Population Cohort-Validated PM(2.5)-Induced Gene Signatures: A Machine Learning Approach to Individual Exposure Prediction.

Transcriptomic profiling has shown that exposure to PM(2.5), a common air pollutant, can modulate gene expression, which has been linked to negative health effects and diseases. However, there are few population-based cohort studies on the association between PM(2.5) exposure and specific gene set expression. In this study, we used an unbiased transcriptomic profiling approach to examine gene expression in a mouse model exposed to PM(2.5) and to identify PM(2.5)-responsive genes.

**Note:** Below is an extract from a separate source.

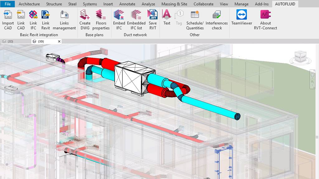 > Once your networks are ready in 2D, AUTOFLUID automatically generates your cross-sections and models your networks in 3D. Easily present your 3D views or insert your network precisely into the architect's model and collaborate on BIM projects. No time wasted on modelling.
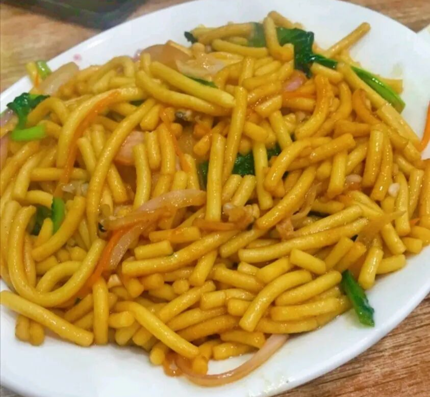 地方小食:炒(米叉)子筋道入味,搭配海鲜堪称绝配,逛吃途中来一份,满口都是丹东味道。

The gene expressions were further validated in both the human cell lines and a population-based cohort study. Two cohorts of healthy older adults (aged ≥ 65 years) were recruited from regions characterized by differing levels of PM(2.5). Logistic regression and decision tree algorithms were then utilized to construct predictive models for PM(2.5) exposure based on these gene expression profiles. Our results indicated that the expression of five genes (FAM102B, PPP2R1B, OXR1, ITGAM, and PRP38B) increased with PM(2.5) exposure in both cell-based assay and population-based cohort studies. Furthermore, the predictive models demonstrated high accuracy in classifying high-and-low PM(2.5) exposure, potentially supporting the integration of gene biomarkers into public health practices.